Abstract

The role of the primary detrital grain assemblage as a control on diagenetic pathways is reasonably well-understood in sandstones and limestones, but less so in mudrocks. We have documented diagenesis in mudstones from the Triassic Yanchang Formation that are dominated (>90% by volume) by grains derived from outside the basin of deposition (terrigenous-argillaceous mudstones or tarls). Major extrabasinal grains are K-rich clay, quartz, plagioclase, K-feldspar, lithic fragments, and micas. In terms of the quartz-feldspar-lithic grain compositions, the silt fraction in these samples is classified as arkose. Grains of intrabasinal derivation include particulate organic matter, phosphatic debris, and rare carbonate allochems.
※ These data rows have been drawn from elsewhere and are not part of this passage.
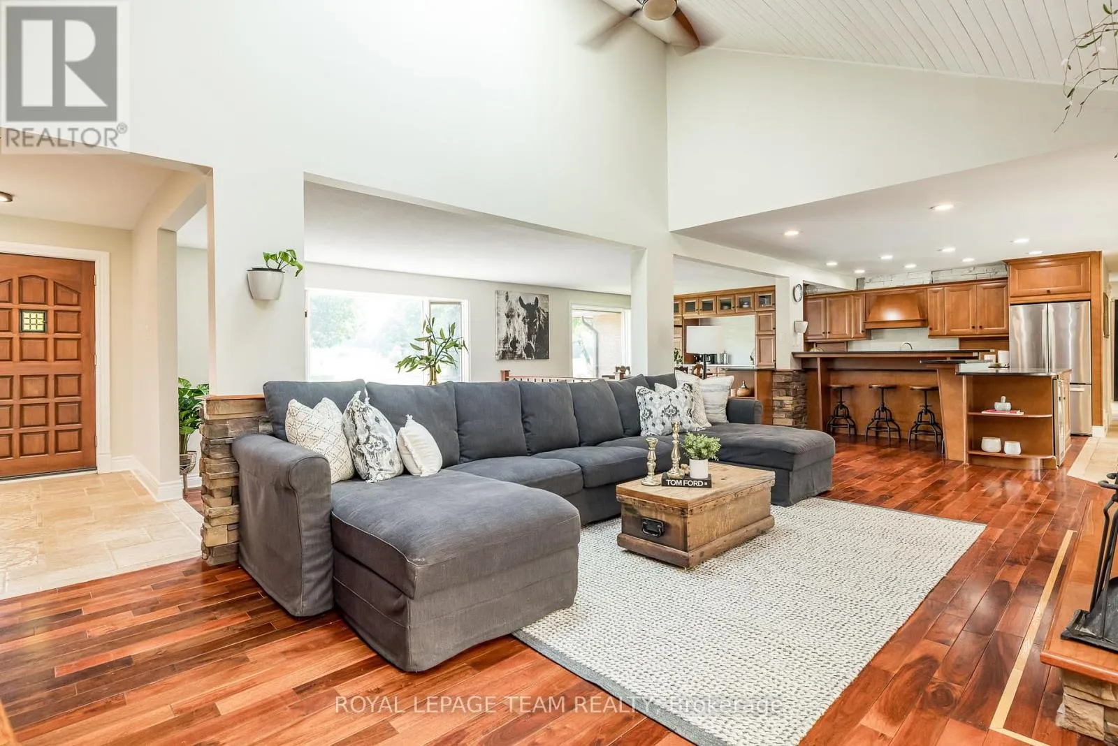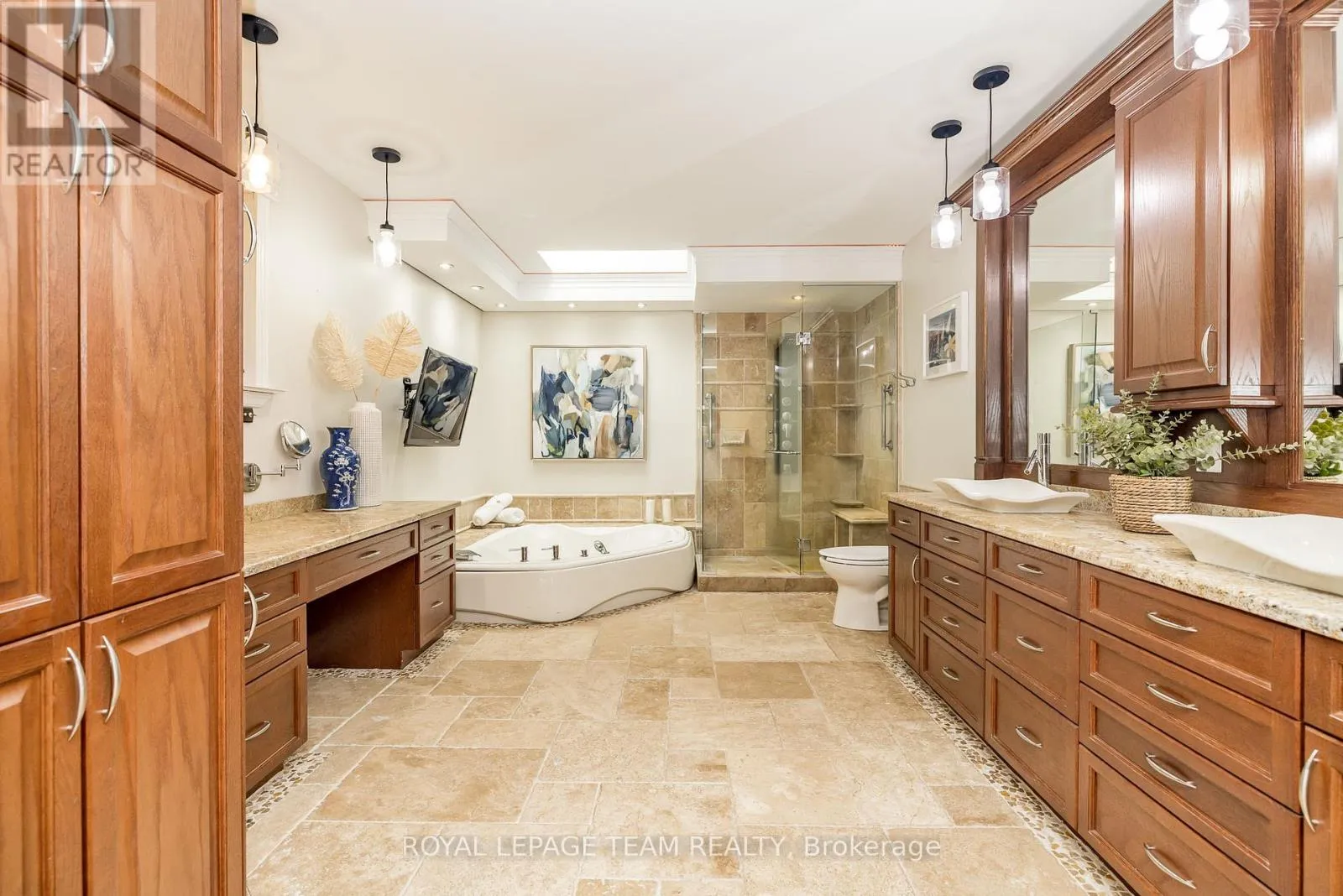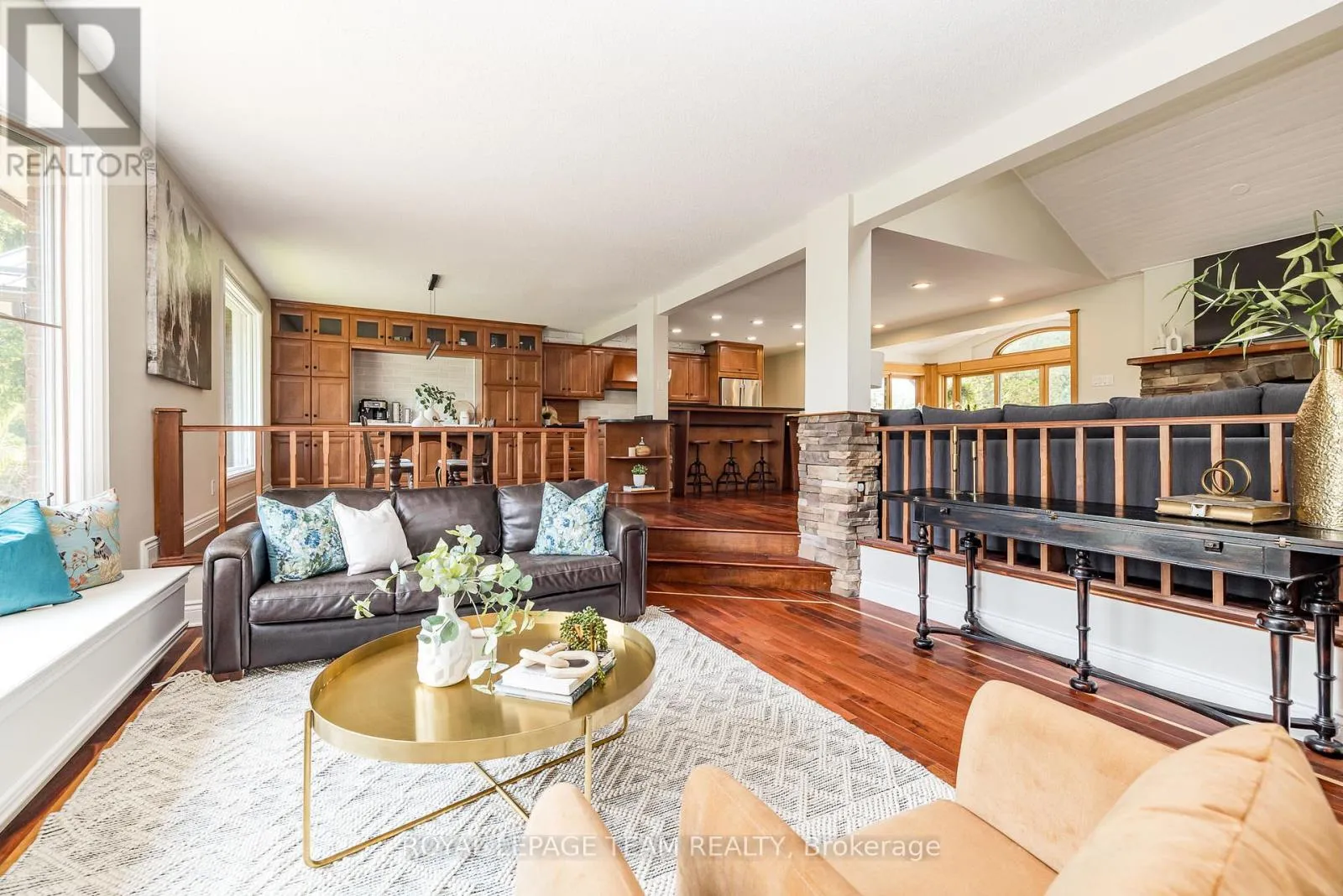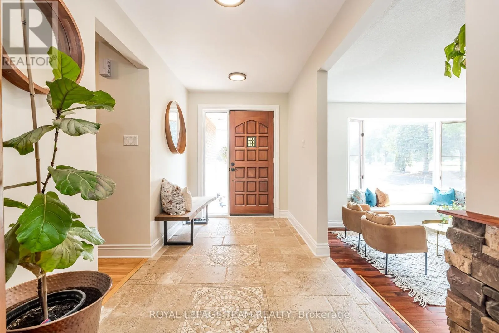 Cross Streets: River Rd/Bridge Street. ** Directions: 417 to Bankfield Rd to Manotick Main St to Bridge Street to River Road. A rare offering along a serene stretch of the Rideau River just moments from the heart of Manotick, this exceptional 3-bedroom, 2.5-bathroom estate bungalow is set on a beautifully landscaped 2.25-acre lot with 60 feet of pristine waterfront. A private paradise, the property features a resort-style backyard with a gorgeous salt water in-ground pool, mature trees, and sweeping views of the river. Step inside to discover a grand entry adorned with travertine marble flooring, leading to a spectacular library crowned by a vaulted cedar-plank ceiling. Floor-to-ceiling bookshelves, complete with a rolling ladder, create an atmosphere of refined charm, while a dramatic double-sided fireplace connects this space to the expansive sunken living room and rear deck beyond. The chef's kitchen is a showpiece, seamlessly open to the main living areas; designed for both entertaining and daily luxury. Rich granite countertops, an abundance of custom cabinetry, and a high-end gas range are paired with a unique breakfast nook offering warmth and style. Bathed in natural light, the four-season sunroom is a seamless extension of the living space, with multiple sliding glass doors opening to the tranquil grounds. The primary suite is a true retreat, with direct access to the deck, a cozy gas fireplace, custom walk-in closet, and an opulent 5-piece ensuite complete with double vanities, soaking tub, and glass-enclosed shower. The partially finished lower level with new flooring & 9ft ceilings offers flexibility for additional living or recreation space. Recently updated landscaping and a lush canopy of mature trees provide privacy and timeless beauty. Nestled in one of Ottawa's most coveted communities, this home is just minutes from boutique shops, fine dining, excellent schools, and the village charm that makes Manotick so desirable. (id:27476)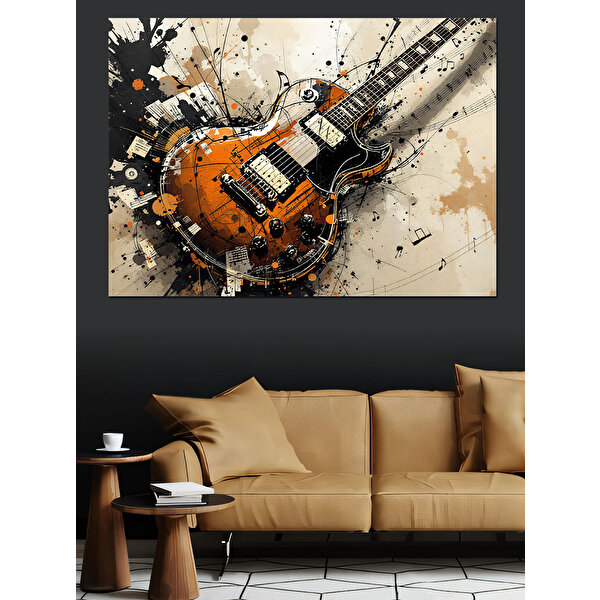 Tablomega Patlayan Elektro Gitar Dekoratif Kanvas - Mdf Ahşap Tablo 70x100 cm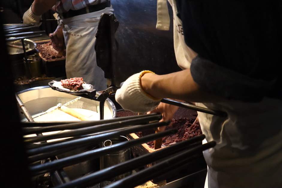 鯛魚燒的紅豆餡使用北海道十勝產的最適合紅豆餡的紅豆,每天在鍋裏煮8個小時。 用手藝人的手一尾一尾地烤好的味道,薄薄的脆脆的皮和充分的豆沙餡的平衡是絕妙的。 做得很漂亮,不會膩。 推薦就這樣趁熱吃,帶回去的時候用烤麵包器稍微烤一下就會恢復美味。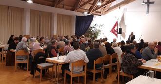 Der 1. Vorsitzende Wolfgang Ebner begrüßt die Gäste im katholischen Pfarrheim Untermeitingen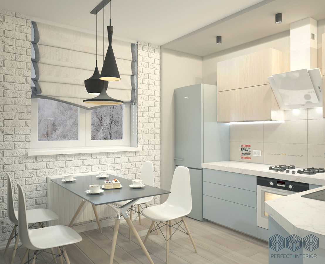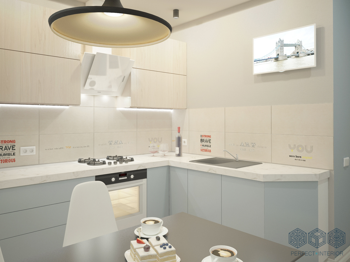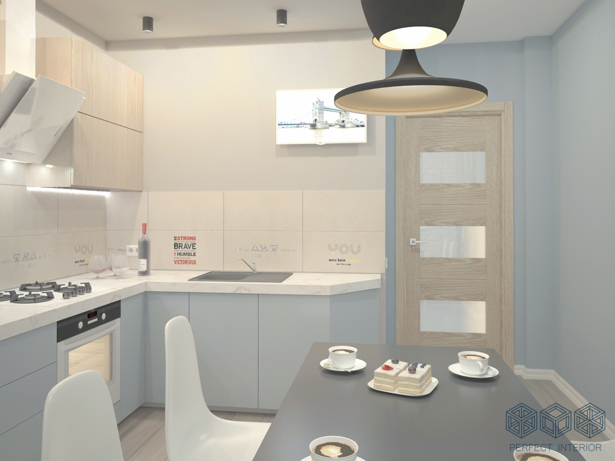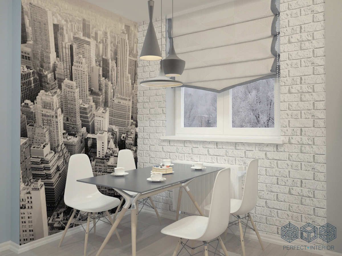 The kitchen looks impressive, but at the same time homey cozy. The main wall is decorated with a graphical panorama of the city and is effectively combined with a white brick wall. Kitchen facades of the muffled blue shade are perfectly supplemented with facades from light wood.

The principal chemical diagenetic components in these mudrocks have strongly localized spatial distributions at micrometer to centimeter scales. Chemical diagenetic components include cone-in-cone structures, replacements of detrital feldspar, pore-filling precipitates within anomalously large pores, pore-filling solid hydrocarbon, and very minor quartz overgrowths associated with local packing flaws around silt-size detrital quartz grains. Matrix-dispersed intergranular cementation, as observed in well-known organic-rich marine mudstones, such as the Barnett Shale and the Eagle Ford Formation, is not observed in Yanchang Formation lacustrine mudstones. The authigenic features present are consistent with the thermal maturity of the units (Ro=0.71.2) and are broadly similar to features observed in other mudstones that contain grain assemblages dominated by particles of extrabasinal derivation. The low porosity and the absence of significant amounts of intergranular cement indicate that compactional porosity loss and in-filling by migrated solid hydrocarbon were the major causes of porosity decline during diagenesis of Yanchang Formation mudrocks. Although the mudstones of the Yanchang Formation have a relatively high content of organic carbon and serve as source rocks in the Ordos Basin, the depositional grain assemblage is not conducive to creation of porosity, permeability, and mechanical properties that would make these mudrocks effective unconventional reservoirs.